[[ Source material open ]]

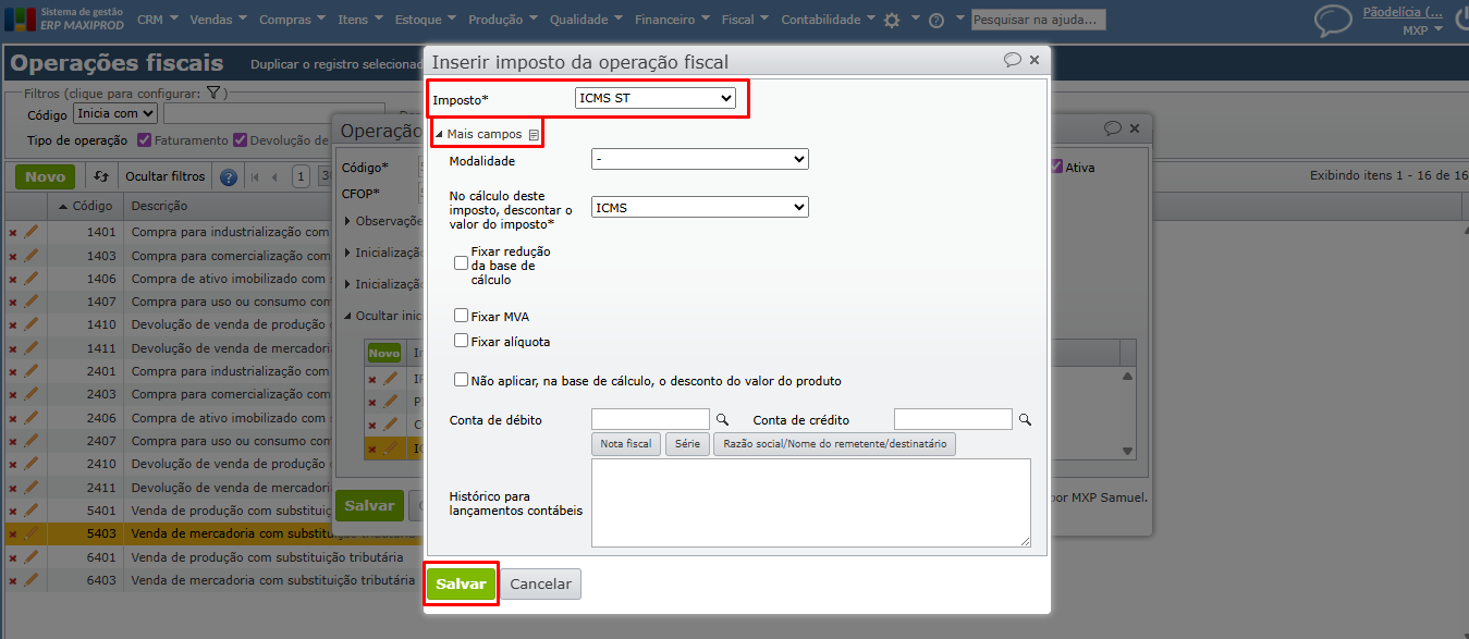 Atualmente, no ERP MAXIPROD, permite parametrizar o imposto ICMS ST somente na operação fiscal. Em casos onde a aplicação do ICMS ST varia conforme a NCM, é possível utilizarmos exceções fiscais para parametrizar o imposto.
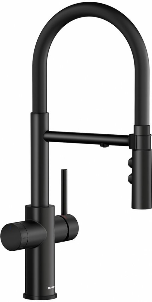 - Oddělené ovládání pro studenou a teplou vodu vpravo, pro filtrovanou vodu páka vlevo
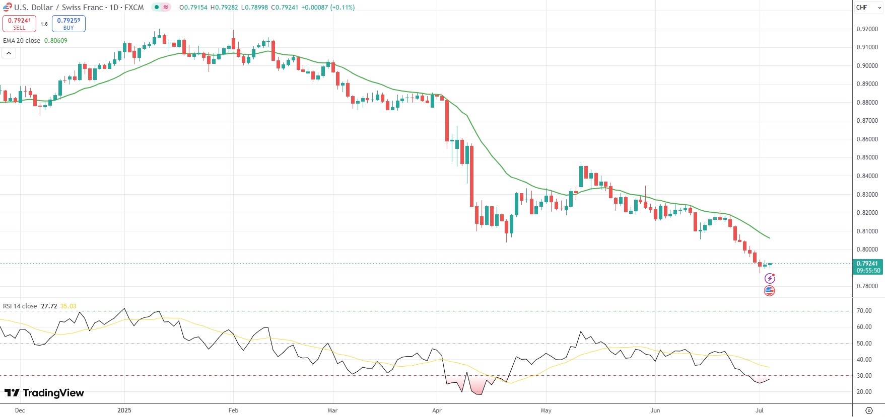 The USD/CHF currency pair hovered just above Tuesday’s low of 0.7871, its weakest level since September 2011, ahead of the key US Non-Farm Payrolls report later in the day, which may offer more insight into labor market conditions and the Fed’s future interest rate path.

[[ Source material closed ]]

Exactly as written, restate all of the data, leaving out the images.

**Task result**
 Atualmente, no ERP MAXIPROD, permite parametrizar o imposto ICMS ST somente na operação fiscal. Em casos onde a aplicação do ICMS ST varia conforme a NCM, é possível utilizarmos exceções fiscais para parametrizar o imposto.
 - Oddělené ovládání pro studenou a teplou vodu vpravo, pro filtrovanou vodu páka vlevo
 The USD/CHF currency pair hovered just above Tuesday’s low of 0.7871, its weakest level since September 2011, ahead of the key US Non-Farm Payrolls report later in the day, which may offer more insight into labor market conditions and the Fed’s future interest rate path.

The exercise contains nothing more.